What the exercise asks: Start the copy at the line holding "Beautiful red cloisonne" and continue it exactly through the last line of the entries, leaving out pictures and anything else.

-----

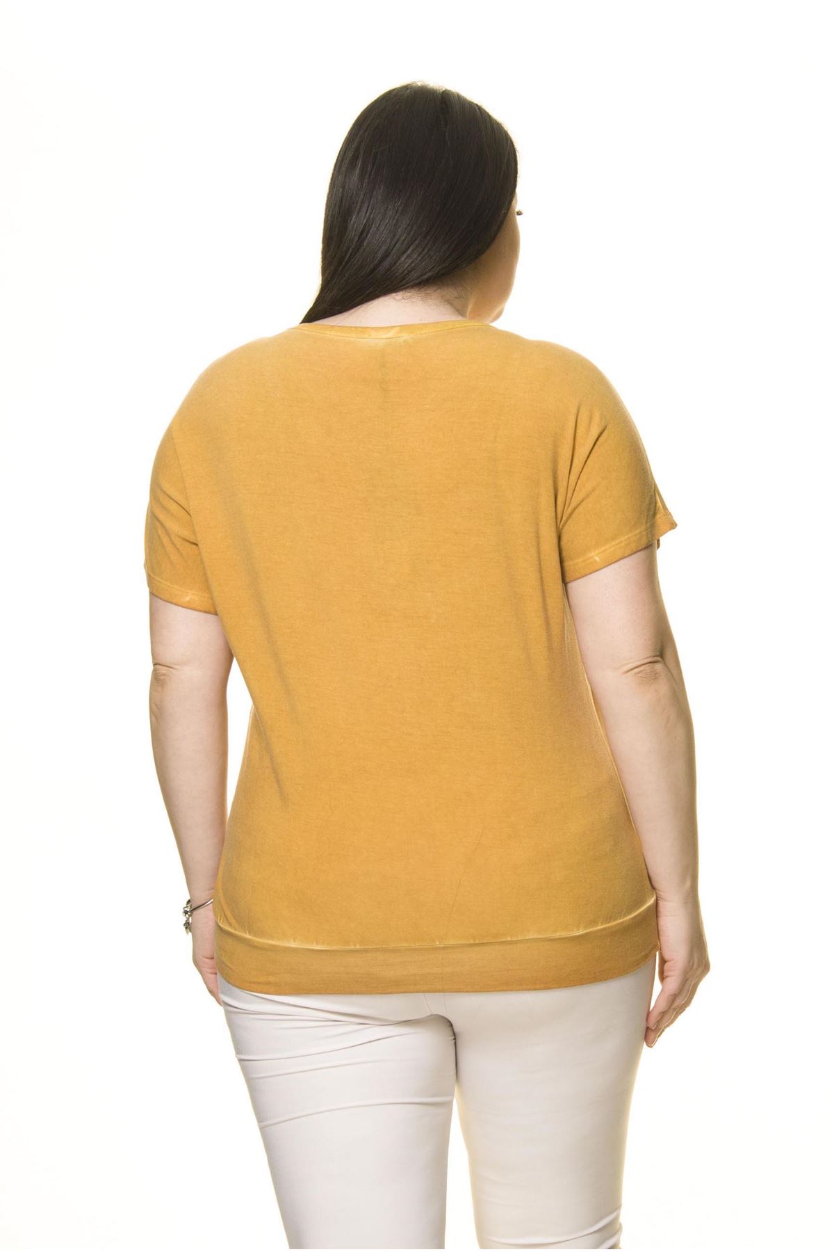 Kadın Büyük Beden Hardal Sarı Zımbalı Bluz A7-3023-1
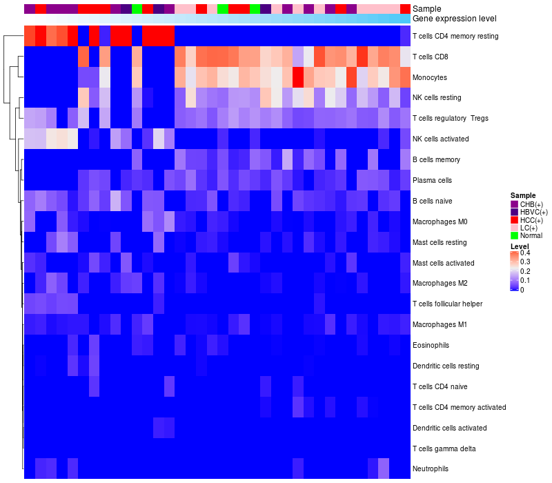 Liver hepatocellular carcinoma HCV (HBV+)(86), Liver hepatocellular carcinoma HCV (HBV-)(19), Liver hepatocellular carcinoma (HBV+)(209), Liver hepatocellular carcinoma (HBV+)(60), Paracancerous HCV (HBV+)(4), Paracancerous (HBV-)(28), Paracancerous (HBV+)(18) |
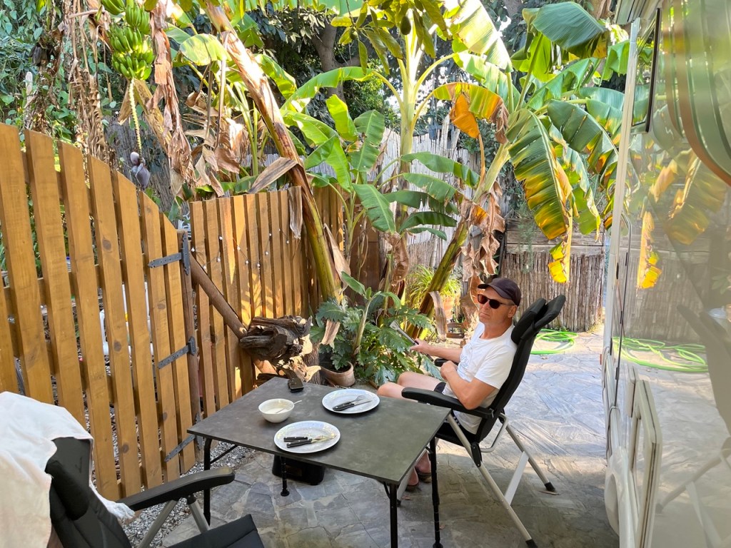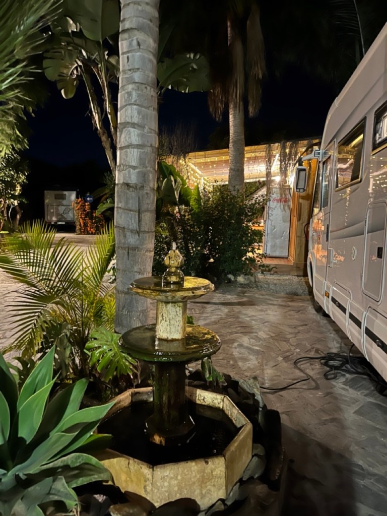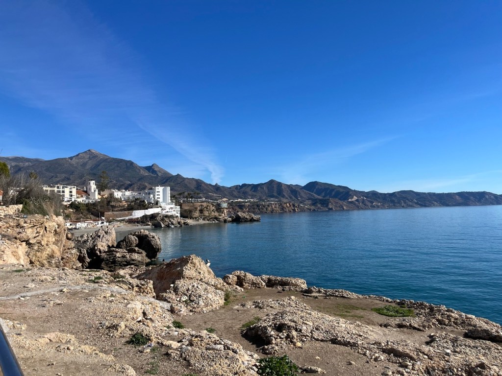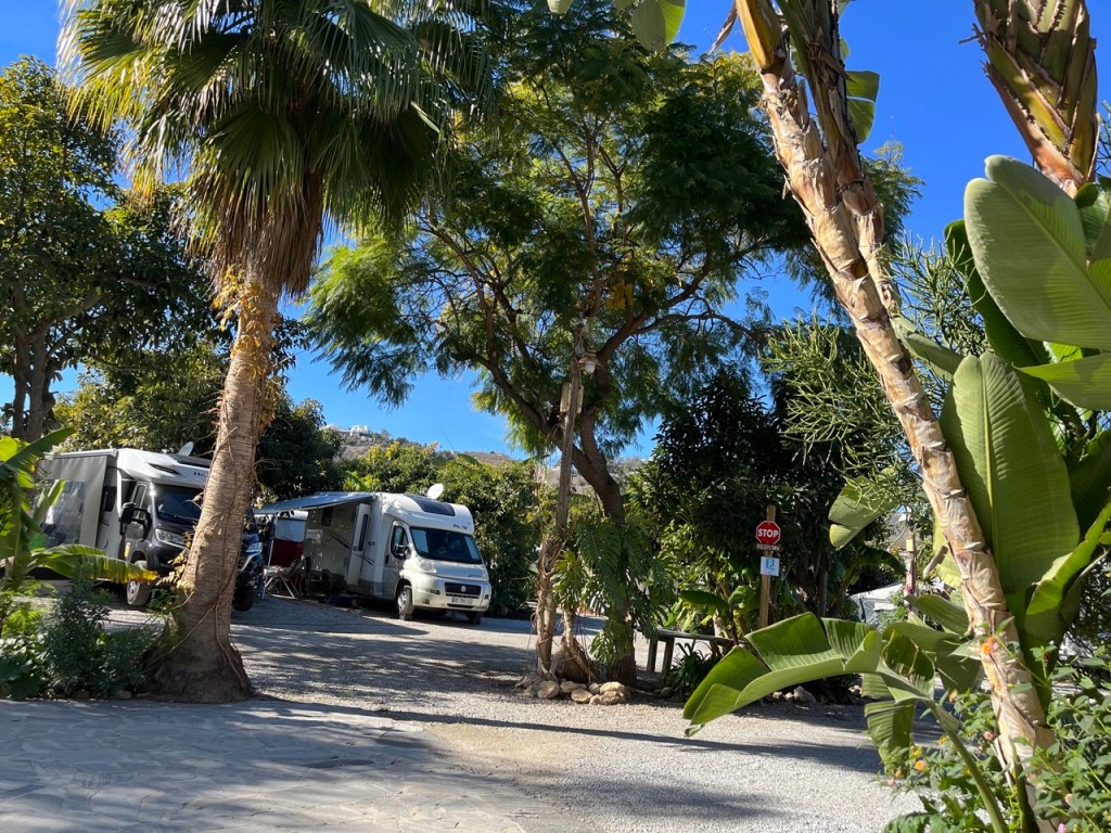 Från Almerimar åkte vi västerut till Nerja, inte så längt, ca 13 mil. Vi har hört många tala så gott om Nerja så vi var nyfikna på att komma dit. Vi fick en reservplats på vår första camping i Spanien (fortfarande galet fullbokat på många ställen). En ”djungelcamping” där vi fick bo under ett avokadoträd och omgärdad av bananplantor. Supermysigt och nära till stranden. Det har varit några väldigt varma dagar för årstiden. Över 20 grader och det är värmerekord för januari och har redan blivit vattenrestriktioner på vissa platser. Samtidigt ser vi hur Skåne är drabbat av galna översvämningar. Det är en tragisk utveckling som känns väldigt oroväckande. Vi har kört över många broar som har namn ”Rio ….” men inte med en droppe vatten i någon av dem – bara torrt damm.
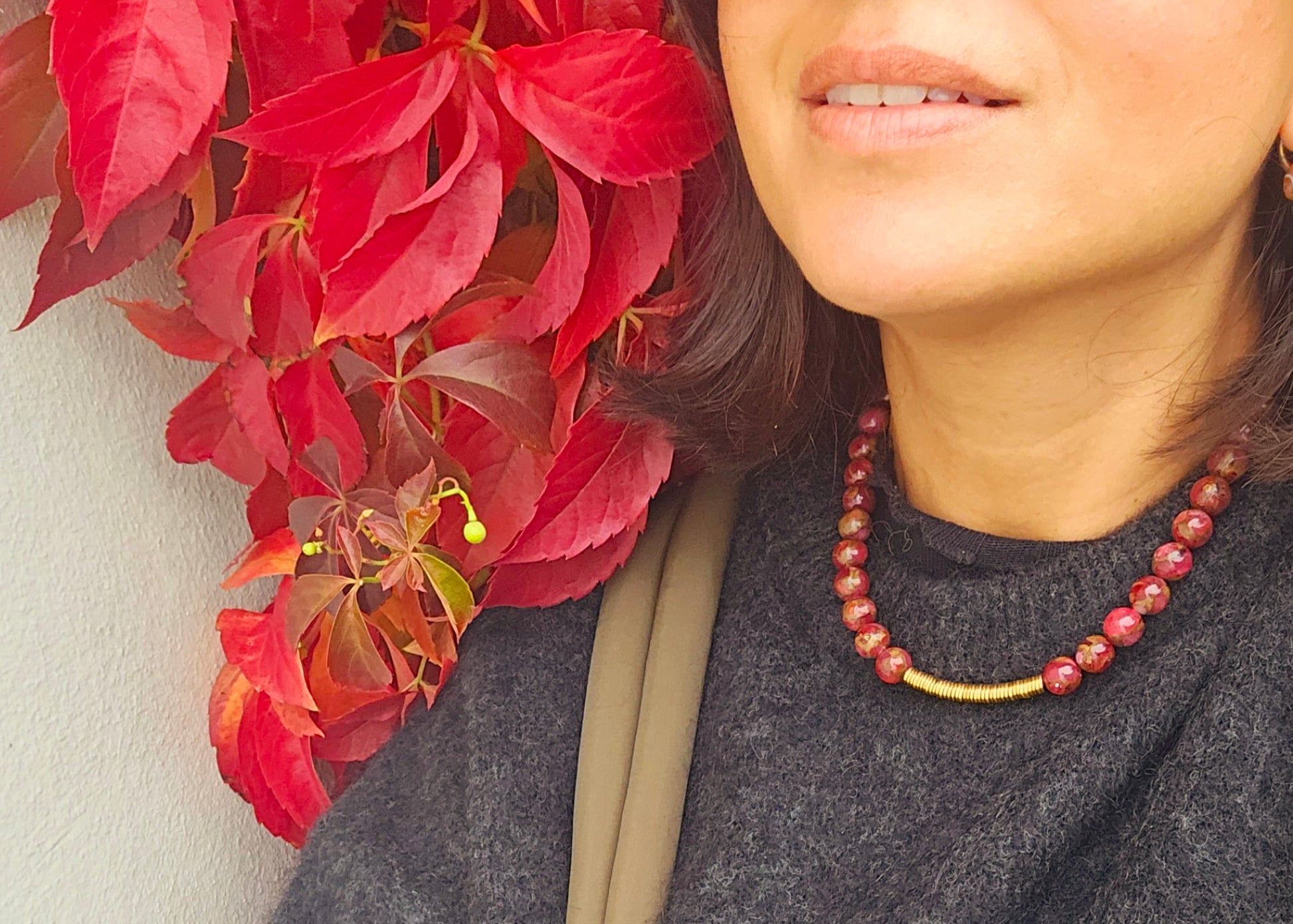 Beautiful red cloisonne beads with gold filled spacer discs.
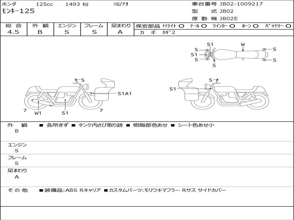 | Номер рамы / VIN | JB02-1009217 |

-----

Reply to the task:
 Beautiful red cloisonne beads with gold filled spacer discs.
 | Номер рамы / VIN | JB02-1009217 |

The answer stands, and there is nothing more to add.